The article deals with the kind of exploitation that is always present in the wage labour system. There are also cases of particularly bad employment situations that have pehaps have some kind of unfairness or exploitaion beyond even this. Maybe there should be a separate article about them -- although I don't know what to call it. Two examples I've yanked out of the Wage slavery article, whee I don't think they belong are:
In the 21st century Dubai, employers pay low wages to many workers—often less than £120 ($178.83) a month, for a 60-hour work week. Often 'employment contracts', if they are given, "are not worth the paper they are written on," and collective bargaining and trade unions are illegal in Dubai. It all starts in their home countries, often India or Bangladesh, where local recruitment agents promise them high salaries and generous overtime payments. In these workers' home countries they are charged a "visa" or "transit" fee, averaging 200,000 taka, or £2,000 ($2,980), which in these home countries is supposed to be illegal.

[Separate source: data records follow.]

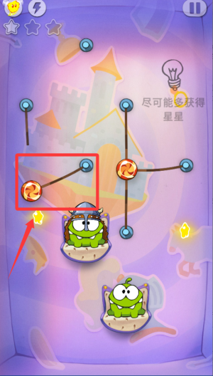 2、利用气泡、橡皮筋等道具改变糖果轨迹,有时需要弹跳或推动,合理使用才能让糖果经过特殊区域并收集三颗星星。
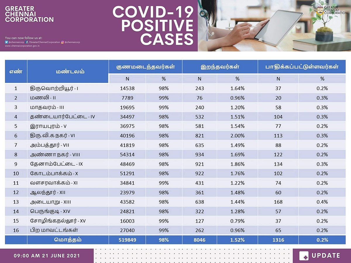 சென்னையில் மொத்த கரோனா பாதிப்பு 5,29,211 ஆக உள்ளது. இதுவரை கரோனாவுக்கு 8,046 பேர் உயிரிழந்துள்ளனர். பாதிக்கப்பட்டோரில் 5,19,849 பேர் குணமடைந்துள்ளனர்.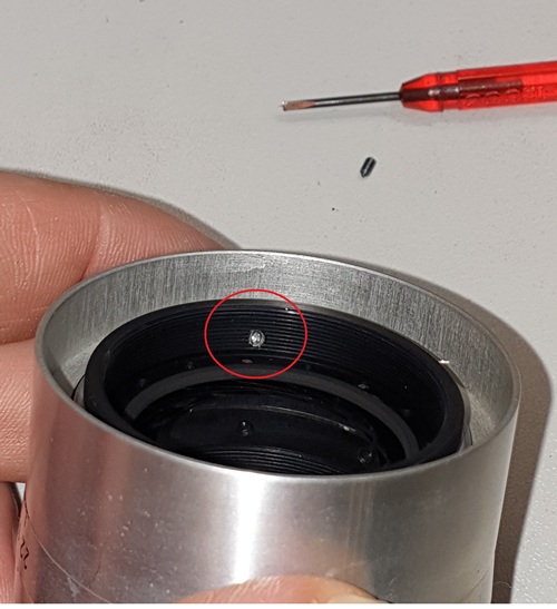 An der Blende auf der Rückseite sitzt eine kleine Madensschraube M1,7 mit Spitze, welche den Blendenkorpus mit dem hinteren breiten Ring klemmt, so dass dieser nicht abgedreht werden kann.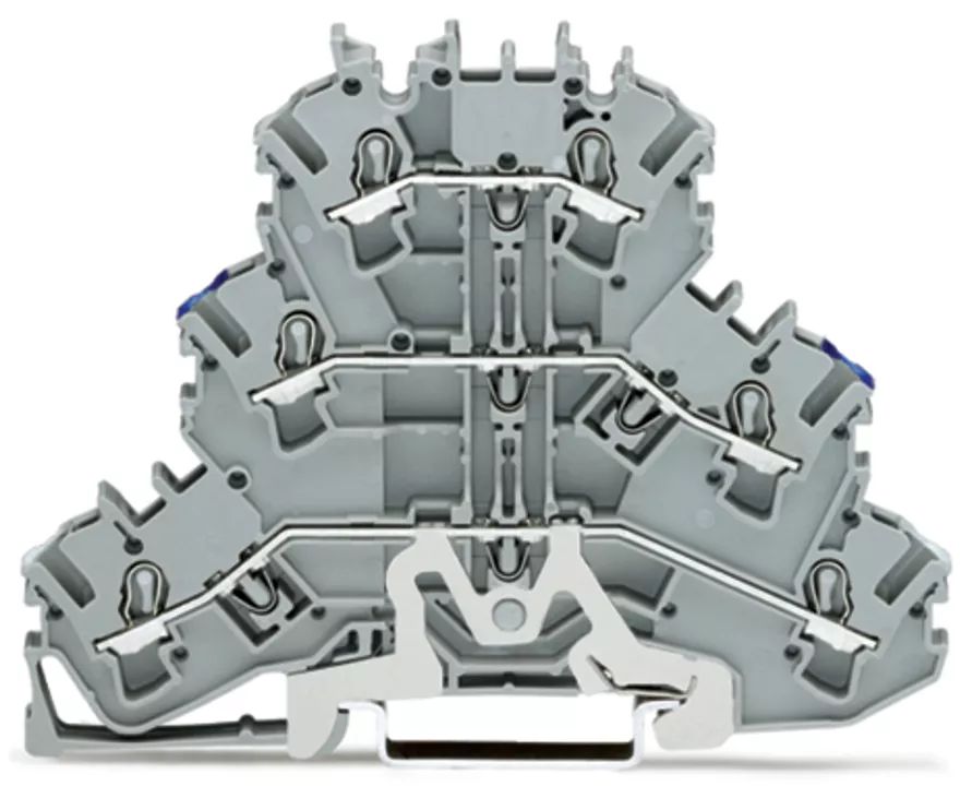 złączka 3-piętrowa; złączka do ekranu/przelotowa/przelotowa; 2,5 mm²; ekranowanie/N/L; bez podstawki oznacznika; na szynę TS 35 x 15 i 35 x 7,5; Push-in CAGE CLAMP®; 2,50 mm²; szary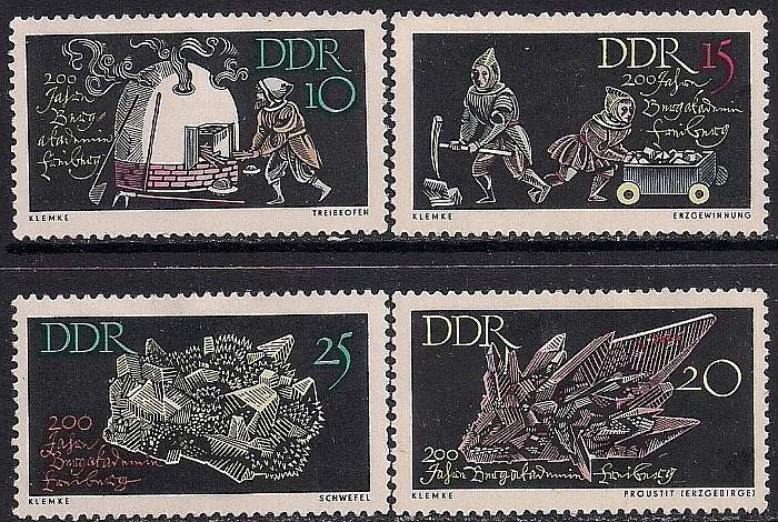 ГДР 1965 год. 200 лет Горной Академии. 4 марки с наклейкой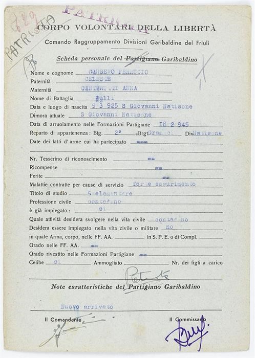 ANPI - Comitato provinciale di Udine - Fondo Schede Anagrafiche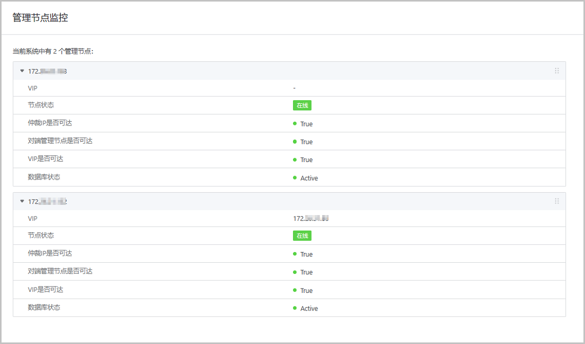 在多管理节点主机高可用场景下,可直观查看每个管理节点的健康状态。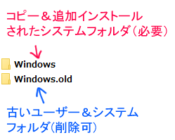 ・インストール後はローカルドライブ(C)に「Windows.old」というフォルダが作られているが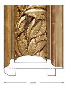 The frame is built from large scale plaster decorative work applied to a wooden chassis. It takes the form of a cushion frame, using large scale imbricated laurel leaves to form a garland surrounding the image.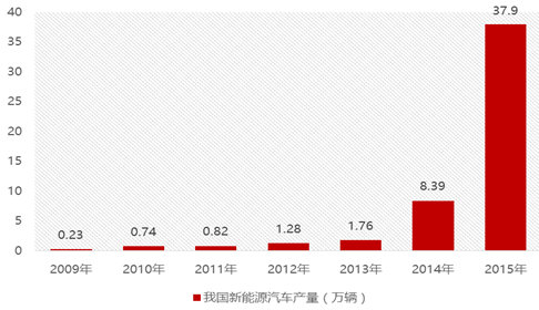 2009年以來,我國新能源汽車的產量連年上升,帶動了動力電池行業的飛速發展。據工信部數據顯示,2015年我國生產新能源汽車37.90萬輛,同比增長4倍。其中純電動乘用車生產29.07萬輛,插電式混合動力乘用車生產8.82萬輛,較2014年增長均超過3倍。

The workers pay the fee because they believe the figures they've been promised of future wages. However in most cases, it will take them the entire two-to-three year contract for them just to pay back that fee and break even.[1]
In another contemporary case unions representing teachers in Louisiana have filed a complaint with state authorities alleging that a Los Angeles recruiting firm broke the law by holding more than 350 Filipino teachers in 'virtual servitude' in order to hold onto their jobs in five Louisiana parish school systems, including New Orleans' Recovery School District.[2]